Монахиня не отреагировала, и гость сунул руку за пазуху, достал свиток. Протянул женщине.
Но ту куда больше интересовал бисер.
Григорий подумал, что в десятилетнем своем заточении Мария Нагая перестала понимать, кто есть кто и что значат имена многих знатных людей, а потому уточнил:
– Ксения есть жена Федора Никитича, двоюродного брата покойного государя. И через него твоему сыну тоже родня.
– У меня нет сына, – негромко ответила монахиня. – Зарезали его в Угличе. Десять лет тому, пятнадцатого мая.
– Неправда, – покачал головой Григорий. – У меня столбец обыскного дела на руках. Не было в Угличе твоего сына, не опознали. Другой мальчонка погиб.
– Нет у меня сына… – эхом повторила монахиня. – Убили его в Угличе. Десять лет прошло, как убили.
– Неправда, – повторил Отрепьев. – Мы можем это доказать. Прочитай письмо моей сестры!
Однако инокиня снова вернулась к вышиванию.
– Осьмнадцать лет твоему сыну исполнилось, не дитя более! – присел перед ней Отрепьев. – Кровь молодая, горячая. Самое время себя миру показать, право на трон объявить! Дмитрия ныне уж и Шуйские, и Салтыковы, и Захарьины, и Сицкие, и Мстиславские… – да вообще все поддержать готовы! Худородный полудурок на троне всем поперек горла стоит! Меж собой старшего князья выбрать не в силах, но за сына царского выступят не колеблясь! Заедино все поддержать готовы!
Ответом было молчание.
– Мы ведь все не власти ныне ищем, а справедливости, – еще раз попытался убедить ее Отрепьев. – Род самозванцев изгнать да законного наследника царем провозгласить! В том вся знать заедино стоит, без колебаний!

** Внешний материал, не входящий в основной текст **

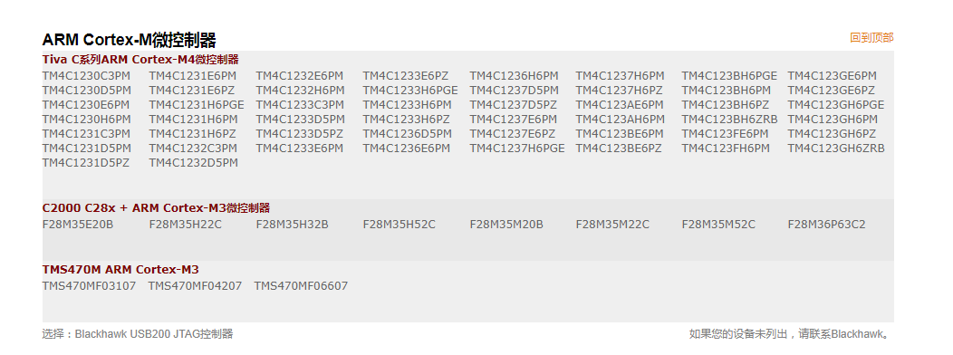 • 说支持stellaries系列,说的很笼统,我查了一下Blackhawk USB200 JTAG仿真器,它的支持就给的很明确。

Бисеринка прыгнула на иголочку, два стежка закрепили ее на полотне, и унылая монахиня снова принялась рассматривать туески в поисках стекляшек нужного цвета.

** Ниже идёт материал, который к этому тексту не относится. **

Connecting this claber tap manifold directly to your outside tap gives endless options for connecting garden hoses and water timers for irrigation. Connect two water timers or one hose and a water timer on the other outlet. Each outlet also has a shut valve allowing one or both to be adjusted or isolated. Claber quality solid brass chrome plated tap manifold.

– Ты не думай, матушка, мы твоего сына на явную смерть посылать не собираемся, – помявшись, продолжил беглый писарь. – Понимаем, что коли здесь он объявится, то убьют его сразу, ничего сделать не успеет. Поперва мы втайне к ляхам отъедем, там его и покажем. Доказательства у нас есть, утвердимся в звании истинном быстро, и всей Руси о здравии сына твоего доведем и о его праве на венец царский объявим. Дмитрий Иванович младше Бориски Годунова на тридцать лет, посему всяко его переживет. А как Бориска сдохнет, он в державу нашу с торжеством вернется и на престол сядет!
– Нет у меня сына… – все тем же тоном произнесла инокиня Марфа. – Убили его в Угличе. Десять лет прошло, как убили.
– Коли хочешь в безвестности сына сгноить, – не выдержав, рявкнул Гришка, – то на кой пес вообще его спасала?!
Вздрогнув, монахиня впервые скосила на него глаза. Ткнула иголку в шитье, выдернула свиток из руки гостя и развернула. Прочитала. Снова покосилась.
– Ты мне ныне, мил человек, на три виселицы наговорил. Да в письме еще пять. Сожги скорее, пока никто не увидел!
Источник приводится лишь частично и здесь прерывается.